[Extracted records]
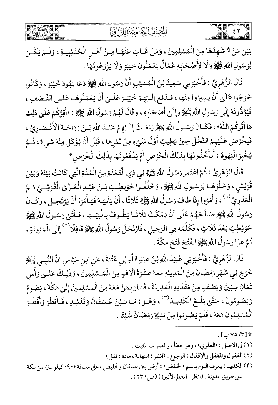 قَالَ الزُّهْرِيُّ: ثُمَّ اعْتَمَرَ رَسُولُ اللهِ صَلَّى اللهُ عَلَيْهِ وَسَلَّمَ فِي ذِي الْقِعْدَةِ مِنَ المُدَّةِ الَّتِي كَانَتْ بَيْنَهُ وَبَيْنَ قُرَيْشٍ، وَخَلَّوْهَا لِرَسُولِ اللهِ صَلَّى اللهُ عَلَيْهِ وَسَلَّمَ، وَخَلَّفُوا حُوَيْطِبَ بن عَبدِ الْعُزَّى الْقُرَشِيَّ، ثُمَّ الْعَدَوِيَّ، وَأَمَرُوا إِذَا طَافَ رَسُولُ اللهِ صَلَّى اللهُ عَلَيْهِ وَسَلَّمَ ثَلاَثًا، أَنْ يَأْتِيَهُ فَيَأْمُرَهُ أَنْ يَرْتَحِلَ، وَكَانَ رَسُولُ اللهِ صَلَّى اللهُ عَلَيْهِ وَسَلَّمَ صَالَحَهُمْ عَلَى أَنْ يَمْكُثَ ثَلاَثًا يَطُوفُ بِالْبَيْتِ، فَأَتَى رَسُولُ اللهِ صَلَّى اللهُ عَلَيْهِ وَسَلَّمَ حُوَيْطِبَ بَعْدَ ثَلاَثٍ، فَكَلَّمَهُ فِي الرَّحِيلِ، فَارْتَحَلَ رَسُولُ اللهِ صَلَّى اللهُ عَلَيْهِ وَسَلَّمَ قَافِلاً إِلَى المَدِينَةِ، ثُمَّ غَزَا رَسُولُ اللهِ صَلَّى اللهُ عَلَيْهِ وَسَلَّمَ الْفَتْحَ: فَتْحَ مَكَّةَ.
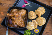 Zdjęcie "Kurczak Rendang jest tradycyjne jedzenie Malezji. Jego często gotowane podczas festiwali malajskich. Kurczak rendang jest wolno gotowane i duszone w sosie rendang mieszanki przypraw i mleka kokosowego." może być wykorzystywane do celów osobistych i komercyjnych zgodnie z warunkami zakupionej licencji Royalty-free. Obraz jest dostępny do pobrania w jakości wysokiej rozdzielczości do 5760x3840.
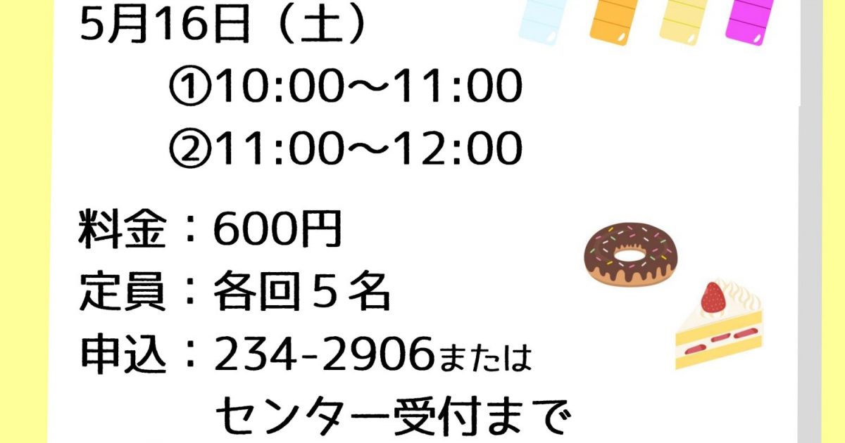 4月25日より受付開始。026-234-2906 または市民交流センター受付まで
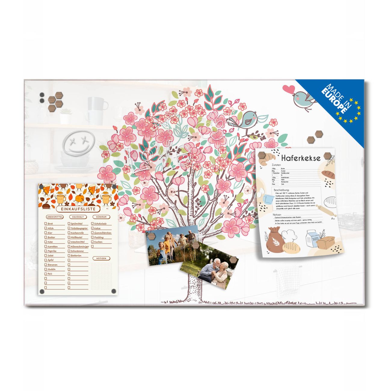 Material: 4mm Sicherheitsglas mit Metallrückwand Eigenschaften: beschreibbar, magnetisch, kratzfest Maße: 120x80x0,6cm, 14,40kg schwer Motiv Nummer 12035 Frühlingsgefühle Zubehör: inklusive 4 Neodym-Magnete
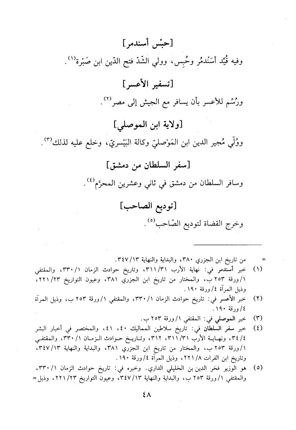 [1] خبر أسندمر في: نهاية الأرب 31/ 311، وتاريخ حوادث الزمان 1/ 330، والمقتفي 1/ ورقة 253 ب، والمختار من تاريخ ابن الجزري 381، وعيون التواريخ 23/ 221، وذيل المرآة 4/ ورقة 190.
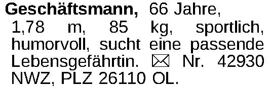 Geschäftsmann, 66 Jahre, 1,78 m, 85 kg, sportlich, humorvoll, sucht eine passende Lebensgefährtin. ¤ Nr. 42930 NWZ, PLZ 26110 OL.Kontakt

*WHAT YOU WILL DO*. If a record holds a picture, leave the picture out and copy the rest exactly.

*OUTPUT FOR THIS EXERCISE*.
 قَالَ الزُّهْرِيُّ: ثُمَّ اعْتَمَرَ رَسُولُ اللهِ صَلَّى اللهُ عَلَيْهِ وَسَلَّمَ فِي ذِي الْقِعْدَةِ مِنَ المُدَّةِ الَّتِي كَانَتْ بَيْنَهُ وَبَيْنَ قُرَيْشٍ، وَخَلَّوْهَا لِرَسُولِ اللهِ صَلَّى اللهُ عَلَيْهِ وَسَلَّمَ، وَخَلَّفُوا حُوَيْطِبَ بن عَبدِ الْعُزَّى الْقُرَشِيَّ، ثُمَّ الْعَدَوِيَّ، وَأَمَرُوا إِذَا طَافَ رَسُولُ اللهِ صَلَّى اللهُ عَلَيْهِ وَسَلَّمَ ثَلاَثًا، أَنْ يَأْتِيَهُ فَيَأْمُرَهُ أَنْ يَرْتَحِلَ، وَكَانَ رَسُولُ اللهِ صَلَّى اللهُ عَلَيْهِ وَسَلَّمَ صَالَحَهُمْ عَلَى أَنْ يَمْكُثَ ثَلاَثًا يَطُوفُ بِالْبَيْتِ، فَأَتَى رَسُولُ اللهِ صَلَّى اللهُ عَلَيْهِ وَسَلَّمَ حُوَيْطِبَ بَعْدَ ثَلاَثٍ، فَكَلَّمَهُ فِي الرَّحِيلِ، فَارْتَحَلَ رَسُولُ اللهِ صَلَّى اللهُ عَلَيْهِ وَسَلَّمَ قَافِلاً إِلَى المَدِينَةِ، ثُمَّ غَزَا رَسُولُ اللهِ صَلَّى اللهُ عَلَيْهِ وَسَلَّمَ الْفَتْحَ: فَتْحَ مَكَّةَ.
 Zdjęcie "Kurczak Rendang jest tradycyjne jedzenie Malezji. Jego często gotowane podczas festiwali malajskich. Kurczak rendang jest wolno gotowane i duszone w sosie rendang mieszanki przypraw i mleka kokosowego." może być wykorzystywane do celów osobistych i komercyjnych zgodnie z warunkami zakupionej licencji Royalty-free. Obraz jest dostępny do pobrania w jakości wysokiej rozdzielczości do 5760x3840.
 4月25日より受付開始。026-234-2906 または市民交流センター受付まで
 Material: 4mm Sicherheitsglas mit Metallrückwand Eigenschaften: beschreibbar, magnetisch, kratzfest Maße: 120x80x0,6cm, 14,40kg schwer Motiv Nummer 12035 Frühlingsgefühle Zubehör: inklusive 4 Neodym-Magnete
 [1] خبر أسندمر في: نهاية الأرب 31/ 311، وتاريخ حوادث الزمان 1/ 330، والمقتفي 1/ ورقة 253 ب، والمختار من تاريخ ابن الجزري 381، وعيون التواريخ 23/ 221، وذيل المرآة 4/ ورقة 190.
 Geschäftsmann, 66 Jahre, 1,78 m, 85 kg, sportlich, humorvoll, sucht eine passende Lebensgefährtin. ¤ Nr. 42930 NWZ, PLZ 26110 OL.Kontakt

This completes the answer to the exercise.